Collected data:
────────────────────────────────────────

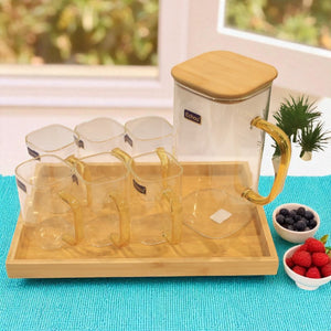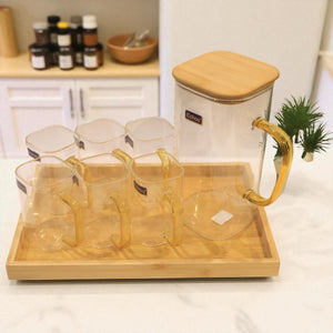 Natural Wooden Lid & Tray: The pitcher features a bamboo lid, and the set rests on a sturdy wooden tray for organized serving.
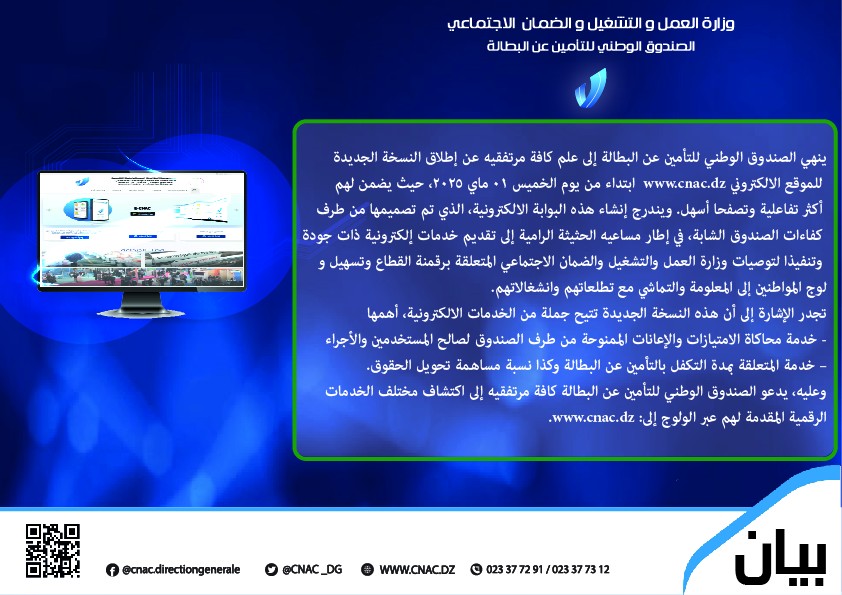 أعلن الصندوق الوطني للتأمين عن البطالة (CNAC) عن إطلاق النسخة الجديدة لموقعه الإلكتروني الرسمي http://www.cnac.dz، وذلك ابتداءً من يوم غد الخميس في إطار استراتيجيته الرامية إلى رقمنة خدماته وتبسيط الإجراءات لفائدة مرتفقيه.
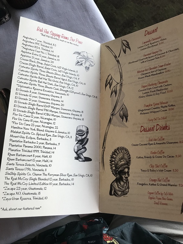 I had to have one of Bali Hai’s World Famous Mai Tais, of course. There have been more than 2.5 million of them sold. In fact, there is a little counter on the Bali Hai website that changes every time one is ordered. How was it? Well, I can say I’ve had one. It was strong, but not exactly a drink I’d order again.
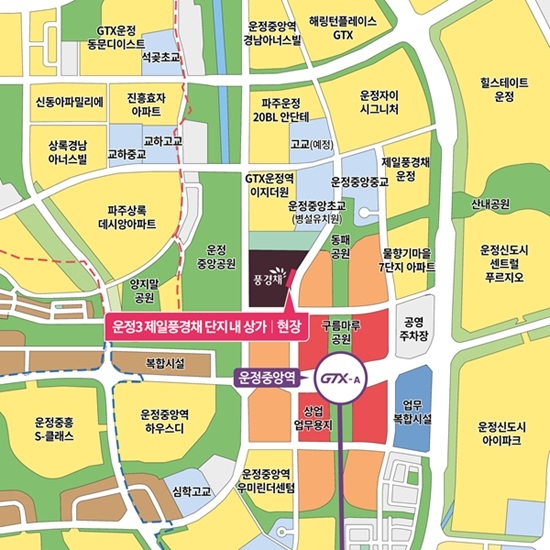 입지적 장점도 뚜렷하다. 일단, 운정3 제일풍경채 단지내 상가의 경우 역세권 길목에 위치한 길목 상권이다. 운정중앙초등학교 및 병설유치원, 운정중앙중학교가 단지와 인접해 학생과 학부모의 보행 동선이 상가 전면과 맞닿아 있다. 또한, 운정신도시의 나들이 명소로 알려져 있는 운정중앙공원과 동패공원이 단지 앞에 위치해 입주민뿐만 아니라 주말 나들이객 등 풍부한 배후 수요를 확보할 수 있다.
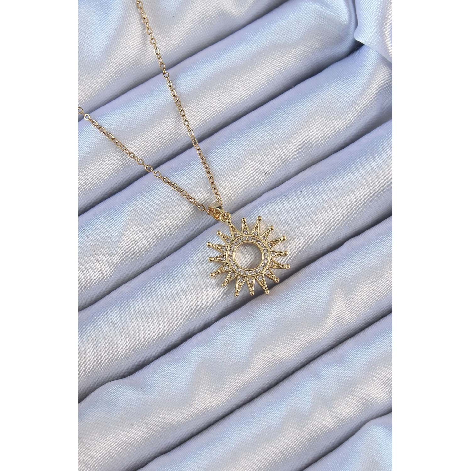 316L Çelik Zincir Altın Renk Zirkon Taşlı Parlayan Güneş Kolye
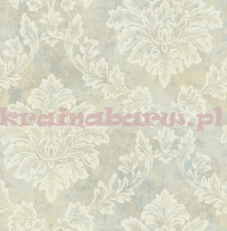 Wzór Framed Damask. Połyskująca tapeta z ornamentem na tle stylizowanym na starą powierzchnię. Jest ona w odcieniach szarości i beżu.
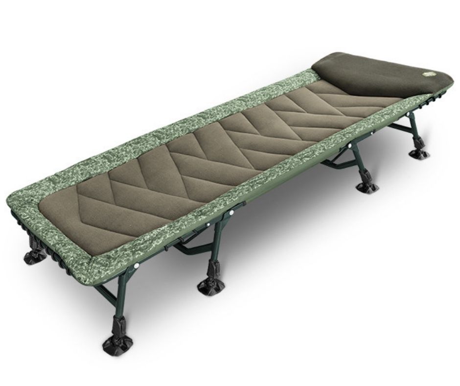 Všetkých 8 nôh je vybavených robustnými, flexibilnými pätkami, čo im umožňuje prispôsobiť sa nerovnostiam terénu. Pár nôh pod hlavou je navyše opatrený zaisťovacím mechanizmom, čo uľahčuje rozloženie lehátka a zároveň zabraňuje neželanému sklápaniu, či posunu.
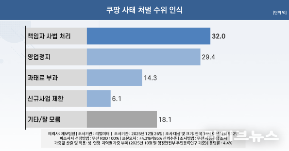 쿠팡에 대한 적절한 처벌 수위를 묻는 질문에는 ‘책임자 사법처리’가 32.0%로 오차범위 내에서 가장 높은 비율을 차지했으며, ‘영업정지’(29.4%)가 그 뒤를 이었다. 이어 ‘과태료 부과’(14.3%), ‘신규사업 제한’(6.1%) 순으로 나타나, 단순한 금전적 처벌보다는 실질적인 책임 추궁과 강도 높은 행정 처분을 원하는 목소리가 컸다.
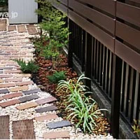 砂利に暖色系のレンガや枕木を埋め込んで明るい雰囲気になりました。
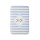 Bath Mat com um padrão listrado azul claro e branco com suas iniciais monográficas em cinzas escuras sobre uma forma de diamante branco. Todas as cores são personalizáveis.
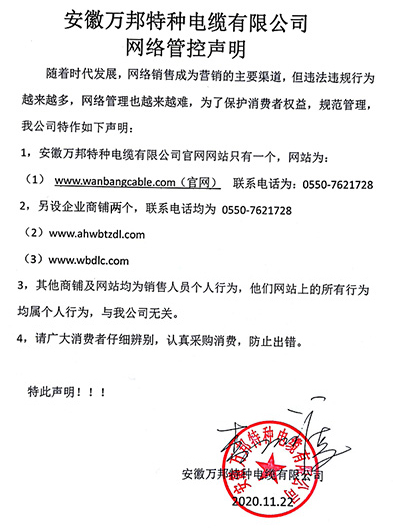 鄭重聲明:安徽萬邦特種電纜有限公司官方網(wǎng)站為:www_wanbangcable_com.sdffp.cn,除此之外無任何子網(wǎng)站或合作網(wǎng)站,其余均為假冒偽劣。電話:0550-7621728 13485756353 地 址:安徽省天長市滁州高新技術(shù)產(chǎn)業(yè)開發(fā)區(qū)經(jīng)四路29號
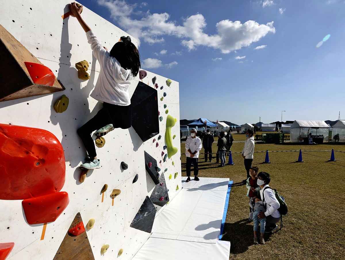 Hideyuki Okamoto, a 43-year-old movie producer from the city, launched an initiative in 2018 to hold such events once or twice a year in an effort to revitalize the area. During the event, a bouldering class was offered using an artificial wall, where children tried their hand at the sport.
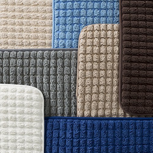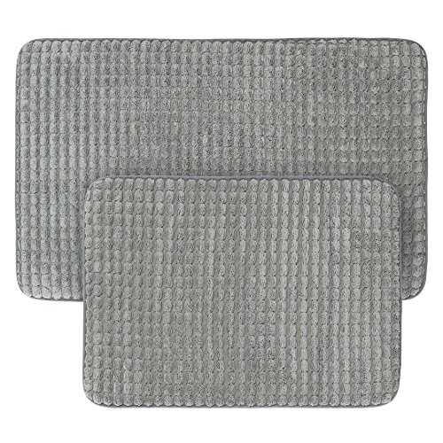 -. Feature : Memory foam bath mats / Material: 280 GSM woven jacquard fleece / Super soft and absorbent, non-slip backing, machine washable / Mat color: Platinum / Dimensions: large bath mat: 31.5 inches (length) x 20.5 inches (width) x .25 inches (height), small bath mat: 24 inches (length) x 17.5 inches (width) x .25 inches (height)
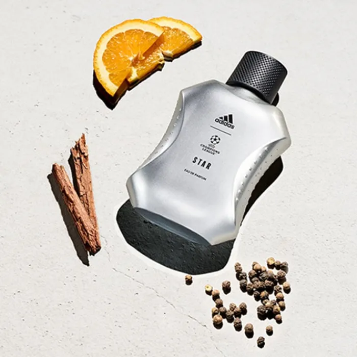Esta fragancia masculina pertenece a la colección Adidas UEFA STAR y está inspirada en los momentos más memorables que fútbol. Uefa Star Eau de Parfum pertenece a la familia olfativa Aromática Cítrica. Se inicia con una salida de notas de naranja que se funde en un corazón de madera de cedro y culmina con pimienta negra que potencia su aroma duradero proporcionando un radiante frescor durante todo el día. Su formulación vegana ha sido elaborada con aceites esenciales naturales que proporcionan una agradable sensación de bienestar que conecta mente y cuerpo.
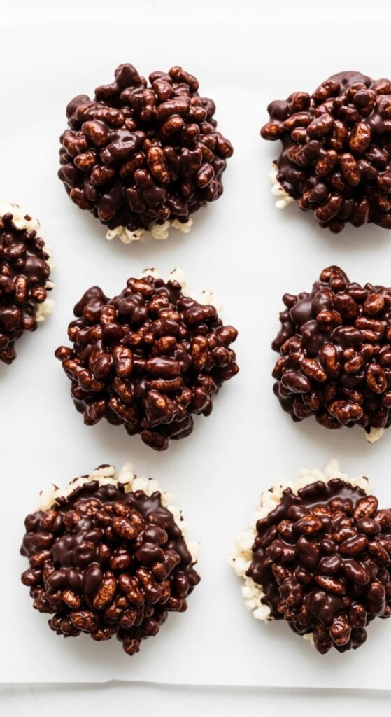 Melt 1 cup of chocolate chips in the microwave. Stir in 2 cups of puffed rice cereal until every piece is coated. Drop spoonfuls onto parchment paper. Let set at room temperature for 10 minutes or freeze for 3 minutes. Three ingredients, maximum crunch. Budget tip: Generic puffed rice cereal is available at supermarkets for a very low price — often less than half the cost of name-brand versions. Dark, milk, or white chocolate all work here depending on your preference. Make a large batch on Sunday and store in an airtight container for the entire week’s dessert supply.
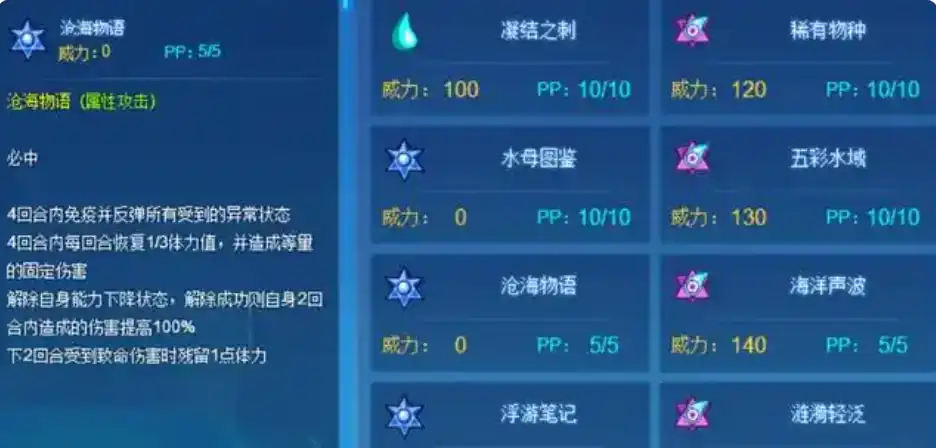 然而对于一个没有减伤能力的入门级精灵来说,先3技能本应是其最核心的加分项,沧海物语则是玖莉娜的核心属性技能,它能够在4回合内提供弹控和续航效果,尤其擅长对抗粉色伤害,通过解除弱化状态,它还能为接下来的2回合增加红色伤害的输出,141点特攻加上150点本攻,这样的攻击力确实非常高,当高体力的玖莉娜拿到优势时,她的先手攻击成功率会翻倍,并且基础100%的2回合增伤效果更是不错。
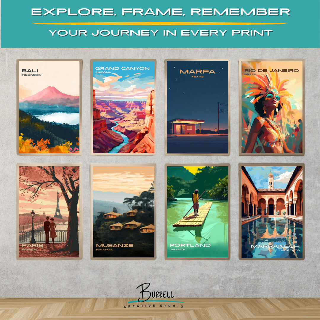Experience the quiet allure of Marfa's Small Town Charm with this captivating wall art poster. Nestled in the vast Texas desert, Marfa is a hidden gem that blends small-town warmth with artistic flair. Known for its rich cultural history and unique mix of desert landscapes, this poster captures the essence of a town where art, nature, and a close-knit community converge.
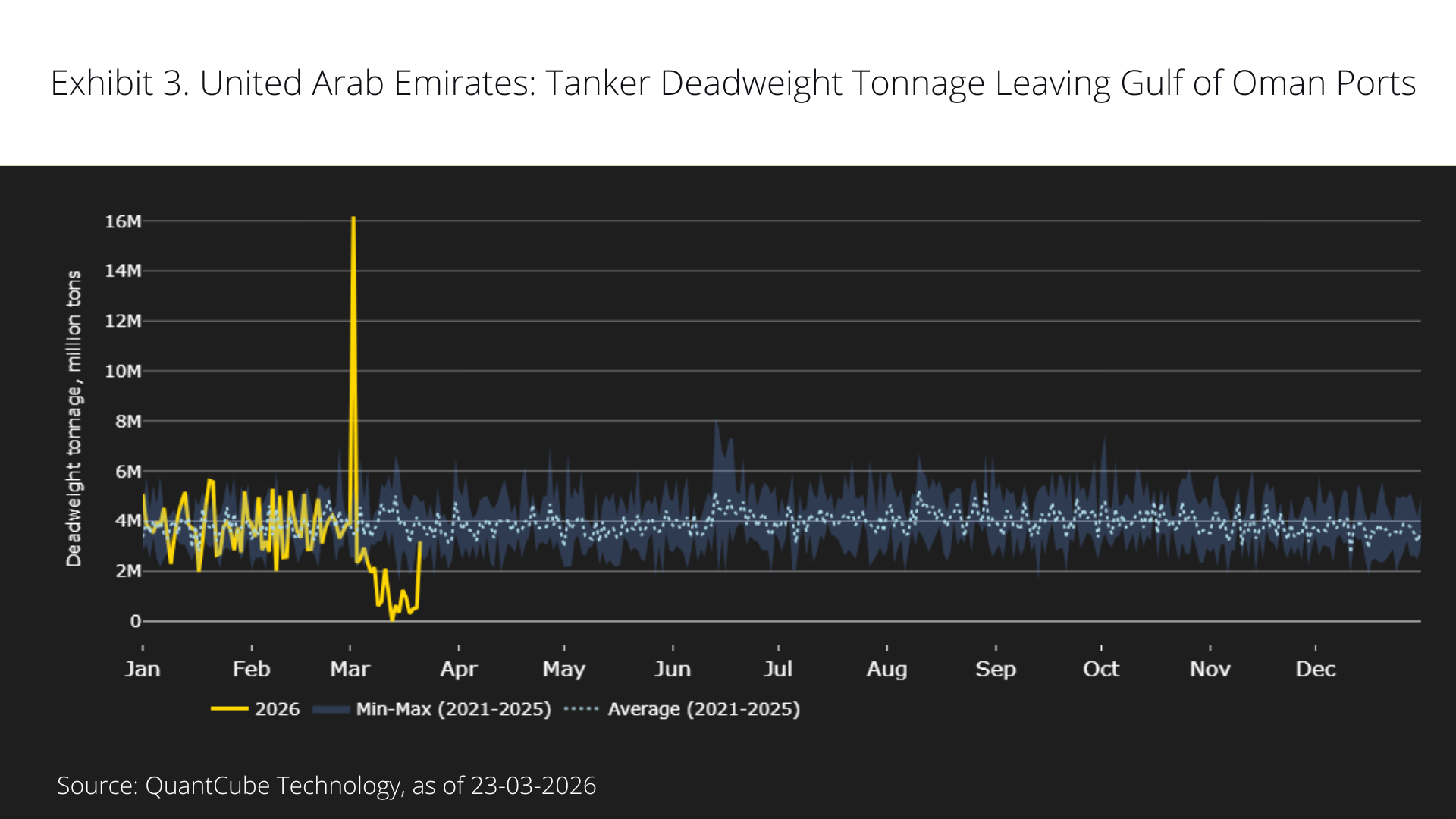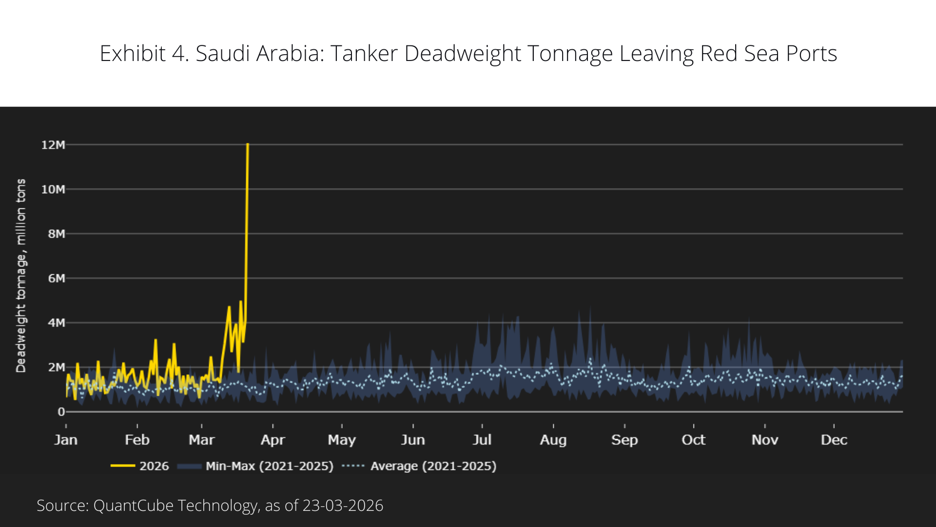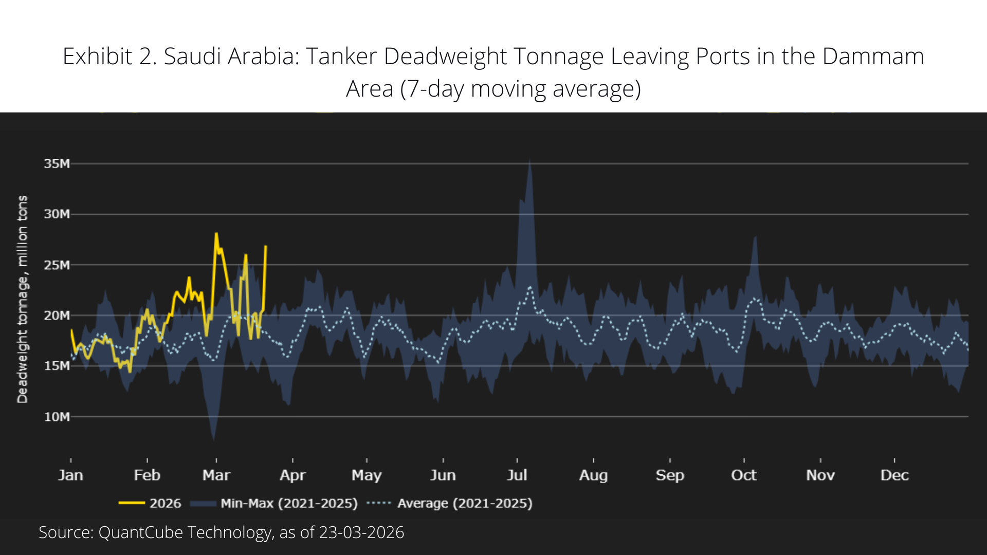 With onshore oil storage capacity rapidly constrained, vessels effectively became floating storage units. Loading activity accelerated in the early phase of the shock, but rather than queue at ports, tankers moved offshore – anchoring at distance while awaiting clarity. This dynamic is clearly captured in the sharp increase in deadweight tonnage exiting monitored port zones in Dammam region, as shown in Exhibit 2.

────────────────────────────────────────

Your copy should match the records above word for word, but without images.

• OUTPUT FOR THIS TASK:
 Natural Wooden Lid & Tray: The pitcher features a bamboo lid, and the set rests on a sturdy wooden tray for organized serving.
 أعلن الصندوق الوطني للتأمين عن البطالة (CNAC) عن إطلاق النسخة الجديدة لموقعه الإلكتروني الرسمي http://www.cnac.dz، وذلك ابتداءً من يوم غد الخميس في إطار استراتيجيته الرامية إلى رقمنة خدماته وتبسيط الإجراءات لفائدة مرتفقيه.
 I had to have one of Bali Hai’s World Famous Mai Tais, of course. There have been more than 2.5 million of them sold. In fact, there is a little counter on the Bali Hai website that changes every time one is ordered. How was it? Well, I can say I’ve had one. It was strong, but not exactly a drink I’d order again.
 입지적 장점도 뚜렷하다. 일단, 운정3 제일풍경채 단지내 상가의 경우 역세권 길목에 위치한 길목 상권이다. 운정중앙초등학교 및 병설유치원, 운정중앙중학교가 단지와 인접해 학생과 학부모의 보행 동선이 상가 전면과 맞닿아 있다. 또한, 운정신도시의 나들이 명소로 알려져 있는 운정중앙공원과 동패공원이 단지 앞에 위치해 입주민뿐만 아니라 주말 나들이객 등 풍부한 배후 수요를 확보할 수 있다.
 316L Çelik Zincir Altın Renk Zirkon Taşlı Parlayan Güneş Kolye
 Wzór Framed Damask. Połyskująca tapeta z ornamentem na tle stylizowanym na starą powierzchnię. Jest ona w odcieniach szarości i beżu.
 Všetkých 8 nôh je vybavených robustnými, flexibilnými pätkami, čo im umožňuje prispôsobiť sa nerovnostiam terénu. Pár nôh pod hlavou je navyše opatrený zaisťovacím mechanizmom, čo uľahčuje rozloženie lehátka a zároveň zabraňuje neželanému sklápaniu, či posunu.
 쿠팡에 대한 적절한 처벌 수위를 묻는 질문에는 ‘책임자 사법처리’가 32.0%로 오차범위 내에서 가장 높은 비율을 차지했으며, ‘영업정지’(29.4%)가 그 뒤를 이었다. 이어 ‘과태료 부과’(14.3%), ‘신규사업 제한’(6.1%) 순으로 나타나, 단순한 금전적 처벌보다는 실질적인 책임 추궁과 강도 높은 행정 처분을 원하는 목소리가 컸다.
 砂利に暖色系のレンガや枕木を埋め込んで明るい雰囲気になりました。
 Bath Mat com um padrão listrado azul claro e branco com suas iniciais monográficas em cinzas escuras sobre uma forma de diamante branco. Todas as cores são personalizáveis.
 鄭重聲明:安徽萬邦特種電纜有限公司官方網(wǎng)站為:www_wanbangcable_com.sdffp.cn,除此之外無任何子網(wǎng)站或合作網(wǎng)站,其余均為假冒偽劣。電話:0550-7621728 13485756353 地 址:安徽省天長市滁州高新技術(shù)產(chǎn)業(yè)開發(fā)區(qū)經(jīng)四路29號
 Hideyuki Okamoto, a 43-year-old movie producer from the city, launched an initiative in 2018 to hold such events once or twice a year in an effort to revitalize the area. During the event, a bouldering class was offered using an artificial wall, where children tried their hand at the sport.
 -. Feature : Memory foam bath mats / Material: 280 GSM woven jacquard fleece / Super soft and absorbent, non-slip backing, machine washable / Mat color: Platinum / Dimensions: large bath mat: 31.5 inches (length) x 20.5 inches (width) x .25 inches (height), small bath mat: 24 inches (length) x 17.5 inches (width) x .25 inches (height)
Esta fragancia masculina pertenece a la colección Adidas UEFA STAR y está inspirada en los momentos más memorables que fútbol. Uefa Star Eau de Parfum pertenece a la familia olfativa Aromática Cítrica. Se inicia con una salida de notas de naranja que se funde en un corazón de madera de cedro y culmina con pimienta negra que potencia su aroma duradero proporcionando un radiante frescor durante todo el día. Su formulación vegana ha sido elaborada con aceites esenciales naturales que proporcionan una agradable sensación de bienestar que conecta mente y cuerpo.
 Melt 1 cup of chocolate chips in the microwave. Stir in 2 cups of puffed rice cereal until every piece is coated. Drop spoonfuls onto parchment paper. Let set at room temperature for 10 minutes or freeze for 3 minutes. Three ingredients, maximum crunch. Budget tip: Generic puffed rice cereal is available at supermarkets for a very low price — often less than half the cost of name-brand versions. Dark, milk, or white chocolate all work here depending on your preference. Make a large batch on Sunday and store in an airtight container for the entire week’s dessert supply.
 然而对于一个没有减伤能力的入门级精灵来说,先3技能本应是其最核心的加分项,沧海物语则是玖莉娜的核心属性技能,它能够在4回合内提供弹控和续航效果,尤其擅长对抗粉色伤害,通过解除弱化状态,它还能为接下来的2回合增加红色伤害的输出,141点特攻加上150点本攻,这样的攻击力确实非常高,当高体力的玖莉娜拿到优势时,她的先手攻击成功率会翻倍,并且基础100%的2回合增伤效果更是不错。
Experience the quiet allure of Marfa's Small Town Charm with this captivating wall art poster. Nestled in the vast Texas desert, Marfa is a hidden gem that blends small-town warmth with artistic flair. Known for its rich cultural history and unique mix of desert landscapes, this poster captures the essence of a town where art, nature, and a close-knit community converge.
 With onshore oil storage capacity rapidly constrained, vessels effectively became floating storage units. Loading activity accelerated in the early phase of the shock, but rather than queue at ports, tankers moved offshore – anchoring at distance while awaiting clarity. This dynamic is clearly captured in the sharp increase in deadweight tonnage exiting monitored port zones in Dammam region, as shown in Exhibit 2.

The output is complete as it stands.